**EXERCISE DIRECTIONS:**
Give back exactly the lines of the data below, starting with the line that has "Select the SKU" and going on through the line that has "The whole group".

(Extracted records)
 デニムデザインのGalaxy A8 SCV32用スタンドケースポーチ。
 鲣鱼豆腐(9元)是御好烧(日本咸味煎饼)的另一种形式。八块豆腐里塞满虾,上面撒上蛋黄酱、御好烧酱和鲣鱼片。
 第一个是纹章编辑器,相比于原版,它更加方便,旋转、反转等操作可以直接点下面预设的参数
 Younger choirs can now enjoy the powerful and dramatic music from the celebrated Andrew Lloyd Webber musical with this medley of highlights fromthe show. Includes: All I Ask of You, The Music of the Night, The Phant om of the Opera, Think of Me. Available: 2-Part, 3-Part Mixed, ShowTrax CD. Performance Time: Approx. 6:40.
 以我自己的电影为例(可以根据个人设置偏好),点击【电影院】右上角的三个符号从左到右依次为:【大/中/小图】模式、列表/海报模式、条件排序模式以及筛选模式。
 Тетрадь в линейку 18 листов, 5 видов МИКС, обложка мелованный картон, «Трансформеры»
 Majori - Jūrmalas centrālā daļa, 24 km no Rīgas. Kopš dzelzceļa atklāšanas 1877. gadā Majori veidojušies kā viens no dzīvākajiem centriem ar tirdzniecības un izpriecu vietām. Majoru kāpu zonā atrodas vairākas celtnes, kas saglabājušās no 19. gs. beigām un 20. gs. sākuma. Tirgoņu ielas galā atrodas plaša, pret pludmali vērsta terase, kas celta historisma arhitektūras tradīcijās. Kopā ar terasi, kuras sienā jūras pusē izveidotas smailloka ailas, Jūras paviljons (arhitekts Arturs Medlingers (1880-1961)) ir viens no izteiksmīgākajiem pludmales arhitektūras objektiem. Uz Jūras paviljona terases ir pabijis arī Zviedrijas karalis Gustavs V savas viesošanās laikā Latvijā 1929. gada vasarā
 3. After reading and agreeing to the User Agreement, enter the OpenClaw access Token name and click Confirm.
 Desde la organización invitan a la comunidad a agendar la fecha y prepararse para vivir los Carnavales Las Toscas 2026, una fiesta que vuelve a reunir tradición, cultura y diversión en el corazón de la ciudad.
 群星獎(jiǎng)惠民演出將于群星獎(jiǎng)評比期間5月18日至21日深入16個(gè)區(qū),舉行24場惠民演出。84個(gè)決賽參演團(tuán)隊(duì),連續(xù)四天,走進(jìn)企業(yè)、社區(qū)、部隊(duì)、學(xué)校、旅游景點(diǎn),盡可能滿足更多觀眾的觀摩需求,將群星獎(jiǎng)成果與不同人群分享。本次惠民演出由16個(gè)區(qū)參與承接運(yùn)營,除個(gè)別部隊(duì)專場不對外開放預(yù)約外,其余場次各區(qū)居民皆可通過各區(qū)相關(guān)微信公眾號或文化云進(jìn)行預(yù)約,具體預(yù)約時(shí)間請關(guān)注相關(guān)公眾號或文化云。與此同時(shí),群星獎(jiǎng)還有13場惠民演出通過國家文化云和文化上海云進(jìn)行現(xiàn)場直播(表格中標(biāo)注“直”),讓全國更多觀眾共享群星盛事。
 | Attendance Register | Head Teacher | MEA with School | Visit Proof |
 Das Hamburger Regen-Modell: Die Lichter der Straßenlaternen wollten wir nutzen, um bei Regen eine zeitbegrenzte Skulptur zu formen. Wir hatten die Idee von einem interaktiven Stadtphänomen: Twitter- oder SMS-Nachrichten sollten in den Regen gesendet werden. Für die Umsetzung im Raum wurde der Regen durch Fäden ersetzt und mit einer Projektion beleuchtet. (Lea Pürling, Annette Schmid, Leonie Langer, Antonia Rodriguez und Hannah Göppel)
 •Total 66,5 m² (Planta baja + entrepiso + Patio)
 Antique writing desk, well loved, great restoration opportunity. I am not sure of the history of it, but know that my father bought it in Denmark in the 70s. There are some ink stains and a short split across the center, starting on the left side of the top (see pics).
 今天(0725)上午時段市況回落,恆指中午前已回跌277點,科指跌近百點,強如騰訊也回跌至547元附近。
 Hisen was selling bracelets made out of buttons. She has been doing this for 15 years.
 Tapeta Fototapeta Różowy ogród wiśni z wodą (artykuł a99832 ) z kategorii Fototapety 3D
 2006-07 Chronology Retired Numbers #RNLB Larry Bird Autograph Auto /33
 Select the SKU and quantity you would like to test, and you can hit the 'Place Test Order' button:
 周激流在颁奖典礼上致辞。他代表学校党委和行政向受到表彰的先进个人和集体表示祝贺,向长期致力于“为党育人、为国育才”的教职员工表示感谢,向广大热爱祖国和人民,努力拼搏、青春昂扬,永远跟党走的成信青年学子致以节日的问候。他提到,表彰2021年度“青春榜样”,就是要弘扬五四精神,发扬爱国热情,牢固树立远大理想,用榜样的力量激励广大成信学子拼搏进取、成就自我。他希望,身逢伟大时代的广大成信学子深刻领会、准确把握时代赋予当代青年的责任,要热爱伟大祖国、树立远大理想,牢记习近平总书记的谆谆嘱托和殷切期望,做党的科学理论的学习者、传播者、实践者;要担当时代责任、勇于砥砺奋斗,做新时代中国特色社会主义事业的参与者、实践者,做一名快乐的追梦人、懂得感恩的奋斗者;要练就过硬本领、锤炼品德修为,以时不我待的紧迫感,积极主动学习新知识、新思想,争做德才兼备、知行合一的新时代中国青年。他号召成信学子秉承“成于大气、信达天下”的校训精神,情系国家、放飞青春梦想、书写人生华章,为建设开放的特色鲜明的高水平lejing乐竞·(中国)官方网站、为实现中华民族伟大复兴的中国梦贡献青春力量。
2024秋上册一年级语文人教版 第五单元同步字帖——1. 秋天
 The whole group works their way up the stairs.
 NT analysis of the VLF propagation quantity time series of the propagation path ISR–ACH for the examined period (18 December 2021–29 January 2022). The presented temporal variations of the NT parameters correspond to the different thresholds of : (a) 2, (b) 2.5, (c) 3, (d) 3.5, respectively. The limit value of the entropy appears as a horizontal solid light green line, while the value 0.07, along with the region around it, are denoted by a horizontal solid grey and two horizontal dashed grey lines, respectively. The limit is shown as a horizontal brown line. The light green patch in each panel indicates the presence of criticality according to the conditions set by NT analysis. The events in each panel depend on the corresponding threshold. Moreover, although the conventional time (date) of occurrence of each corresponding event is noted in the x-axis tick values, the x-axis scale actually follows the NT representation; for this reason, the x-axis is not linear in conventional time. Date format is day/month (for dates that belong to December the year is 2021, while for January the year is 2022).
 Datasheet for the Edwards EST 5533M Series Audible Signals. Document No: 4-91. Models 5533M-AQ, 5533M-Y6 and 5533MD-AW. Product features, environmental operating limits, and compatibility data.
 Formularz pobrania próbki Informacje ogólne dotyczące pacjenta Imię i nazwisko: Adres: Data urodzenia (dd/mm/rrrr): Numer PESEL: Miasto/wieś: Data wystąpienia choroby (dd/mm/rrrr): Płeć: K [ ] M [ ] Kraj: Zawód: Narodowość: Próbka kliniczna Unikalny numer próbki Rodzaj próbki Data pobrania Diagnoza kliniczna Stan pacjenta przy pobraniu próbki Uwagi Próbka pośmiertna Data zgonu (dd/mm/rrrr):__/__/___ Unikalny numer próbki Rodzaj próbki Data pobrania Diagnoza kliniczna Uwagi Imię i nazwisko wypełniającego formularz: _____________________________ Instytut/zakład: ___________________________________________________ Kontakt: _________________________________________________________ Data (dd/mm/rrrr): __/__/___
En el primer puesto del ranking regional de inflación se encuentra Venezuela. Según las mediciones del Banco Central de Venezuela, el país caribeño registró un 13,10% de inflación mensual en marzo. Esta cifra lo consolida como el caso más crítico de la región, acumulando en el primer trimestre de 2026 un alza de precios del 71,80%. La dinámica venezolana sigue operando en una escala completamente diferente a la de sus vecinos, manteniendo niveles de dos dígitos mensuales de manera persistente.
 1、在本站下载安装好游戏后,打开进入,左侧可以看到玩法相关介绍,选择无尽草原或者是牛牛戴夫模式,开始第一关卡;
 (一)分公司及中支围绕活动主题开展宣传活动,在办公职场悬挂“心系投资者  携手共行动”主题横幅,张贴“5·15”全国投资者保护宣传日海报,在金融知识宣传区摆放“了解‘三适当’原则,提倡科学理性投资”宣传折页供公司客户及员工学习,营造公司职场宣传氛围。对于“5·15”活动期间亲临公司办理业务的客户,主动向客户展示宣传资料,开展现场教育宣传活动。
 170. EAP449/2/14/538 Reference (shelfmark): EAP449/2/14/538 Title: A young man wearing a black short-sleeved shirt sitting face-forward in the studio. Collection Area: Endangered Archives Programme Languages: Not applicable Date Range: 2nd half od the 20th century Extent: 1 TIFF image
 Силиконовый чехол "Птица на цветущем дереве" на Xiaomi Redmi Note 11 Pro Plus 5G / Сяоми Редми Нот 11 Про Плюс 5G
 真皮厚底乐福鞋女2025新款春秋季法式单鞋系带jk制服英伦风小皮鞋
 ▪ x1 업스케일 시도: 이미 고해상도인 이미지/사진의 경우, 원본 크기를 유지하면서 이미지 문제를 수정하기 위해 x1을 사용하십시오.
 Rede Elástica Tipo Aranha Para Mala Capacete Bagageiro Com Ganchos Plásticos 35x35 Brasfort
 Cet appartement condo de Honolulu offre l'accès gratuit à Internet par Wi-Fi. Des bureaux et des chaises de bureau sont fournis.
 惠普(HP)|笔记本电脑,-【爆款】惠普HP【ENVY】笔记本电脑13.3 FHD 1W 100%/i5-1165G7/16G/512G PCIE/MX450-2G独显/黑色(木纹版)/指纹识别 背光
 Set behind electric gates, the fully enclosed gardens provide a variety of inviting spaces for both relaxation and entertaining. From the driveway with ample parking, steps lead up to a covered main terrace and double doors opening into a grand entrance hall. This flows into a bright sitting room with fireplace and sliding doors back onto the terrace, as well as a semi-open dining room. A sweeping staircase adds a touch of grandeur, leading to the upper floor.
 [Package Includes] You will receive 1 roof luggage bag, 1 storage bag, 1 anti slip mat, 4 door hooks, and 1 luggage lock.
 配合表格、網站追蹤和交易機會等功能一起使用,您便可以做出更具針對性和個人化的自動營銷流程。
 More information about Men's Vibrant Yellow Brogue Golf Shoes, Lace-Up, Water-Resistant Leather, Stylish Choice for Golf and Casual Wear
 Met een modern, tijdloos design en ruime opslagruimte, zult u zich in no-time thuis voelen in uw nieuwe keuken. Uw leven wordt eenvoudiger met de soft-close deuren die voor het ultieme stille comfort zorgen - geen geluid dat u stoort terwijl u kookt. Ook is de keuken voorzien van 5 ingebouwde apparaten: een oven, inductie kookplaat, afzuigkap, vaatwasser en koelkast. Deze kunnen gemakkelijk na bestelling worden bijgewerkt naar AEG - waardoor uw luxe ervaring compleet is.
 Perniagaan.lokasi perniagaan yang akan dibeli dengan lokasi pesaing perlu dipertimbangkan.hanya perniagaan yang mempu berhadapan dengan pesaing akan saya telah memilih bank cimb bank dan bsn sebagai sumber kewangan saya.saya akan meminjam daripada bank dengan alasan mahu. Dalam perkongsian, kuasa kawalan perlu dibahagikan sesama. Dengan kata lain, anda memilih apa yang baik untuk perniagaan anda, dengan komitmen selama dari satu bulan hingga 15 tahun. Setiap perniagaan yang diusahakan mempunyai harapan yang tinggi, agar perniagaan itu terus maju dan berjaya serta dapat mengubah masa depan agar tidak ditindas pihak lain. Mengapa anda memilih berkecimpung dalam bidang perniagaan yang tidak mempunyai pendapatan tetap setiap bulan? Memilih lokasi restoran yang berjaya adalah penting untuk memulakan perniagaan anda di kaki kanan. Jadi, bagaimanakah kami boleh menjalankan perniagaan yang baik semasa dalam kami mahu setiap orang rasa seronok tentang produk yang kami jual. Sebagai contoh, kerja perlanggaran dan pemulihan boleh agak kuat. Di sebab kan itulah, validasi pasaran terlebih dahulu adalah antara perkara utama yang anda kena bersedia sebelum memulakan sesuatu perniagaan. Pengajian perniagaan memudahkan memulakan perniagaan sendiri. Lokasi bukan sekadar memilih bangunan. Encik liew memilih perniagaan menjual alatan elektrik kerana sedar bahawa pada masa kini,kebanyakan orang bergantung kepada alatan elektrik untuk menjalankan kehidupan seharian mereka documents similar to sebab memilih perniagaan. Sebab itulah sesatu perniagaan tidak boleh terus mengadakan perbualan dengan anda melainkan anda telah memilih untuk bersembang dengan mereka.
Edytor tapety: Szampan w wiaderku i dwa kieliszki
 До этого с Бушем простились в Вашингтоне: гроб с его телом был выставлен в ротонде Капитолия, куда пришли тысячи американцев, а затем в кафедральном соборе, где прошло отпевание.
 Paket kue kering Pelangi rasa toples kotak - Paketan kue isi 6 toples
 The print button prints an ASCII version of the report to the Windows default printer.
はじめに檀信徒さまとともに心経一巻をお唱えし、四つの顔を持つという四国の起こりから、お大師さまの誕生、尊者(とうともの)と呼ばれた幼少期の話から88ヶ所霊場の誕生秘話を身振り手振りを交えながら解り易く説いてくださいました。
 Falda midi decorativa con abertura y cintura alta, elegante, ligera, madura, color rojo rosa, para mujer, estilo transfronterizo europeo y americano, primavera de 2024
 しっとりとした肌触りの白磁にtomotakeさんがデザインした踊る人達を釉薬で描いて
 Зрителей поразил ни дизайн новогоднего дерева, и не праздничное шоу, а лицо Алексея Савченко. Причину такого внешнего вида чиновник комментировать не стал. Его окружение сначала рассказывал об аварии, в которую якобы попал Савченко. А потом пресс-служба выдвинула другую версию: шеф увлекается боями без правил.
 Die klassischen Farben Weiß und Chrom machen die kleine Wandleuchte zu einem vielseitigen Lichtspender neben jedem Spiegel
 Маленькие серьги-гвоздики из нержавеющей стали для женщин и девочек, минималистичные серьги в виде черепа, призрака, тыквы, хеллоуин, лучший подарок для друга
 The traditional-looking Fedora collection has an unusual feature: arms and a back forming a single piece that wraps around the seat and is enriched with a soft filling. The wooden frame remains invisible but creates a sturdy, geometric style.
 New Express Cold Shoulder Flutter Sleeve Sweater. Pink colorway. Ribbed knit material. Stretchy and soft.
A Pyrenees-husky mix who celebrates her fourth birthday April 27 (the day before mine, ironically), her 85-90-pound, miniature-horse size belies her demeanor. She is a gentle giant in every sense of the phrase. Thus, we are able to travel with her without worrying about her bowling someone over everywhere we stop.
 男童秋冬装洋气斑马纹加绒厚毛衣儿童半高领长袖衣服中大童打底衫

**ANSWER TO THE PROBLEM:**
 Select the SKU and quantity you would like to test, and you can hit the 'Place Test Order' button:
 周激流在颁奖典礼上致辞。他代表学校党委和行政向受到表彰的先进个人和集体表示祝贺,向长期致力于“为党育人、为国育才”的教职员工表示感谢,向广大热爱祖国和人民,努力拼搏、青春昂扬,永远跟党走的成信青年学子致以节日的问候。他提到,表彰2021年度“青春榜样”,就是要弘扬五四精神,发扬爱国热情,牢固树立远大理想,用榜样的力量激励广大成信学子拼搏进取、成就自我。他希望,身逢伟大时代的广大成信学子深刻领会、准确把握时代赋予当代青年的责任,要热爱伟大祖国、树立远大理想,牢记习近平总书记的谆谆嘱托和殷切期望,做党的科学理论的学习者、传播者、实践者;要担当时代责任、勇于砥砺奋斗,做新时代中国特色社会主义事业的参与者、实践者,做一名快乐的追梦人、懂得感恩的奋斗者;要练就过硬本领、锤炼品德修为,以时不我待的紧迫感,积极主动学习新知识、新思想,争做德才兼备、知行合一的新时代中国青年。他号召成信学子秉承“成于大气、信达天下”的校训精神,情系国家、放飞青春梦想、书写人生华章,为建设开放的特色鲜明的高水平lejing乐竞·(中国)官方网站、为实现中华民族伟大复兴的中国梦贡献青春力量。
2024秋上册一年级语文人教版 第五单元同步字帖——1. 秋天
 The whole group works their way up the stairs.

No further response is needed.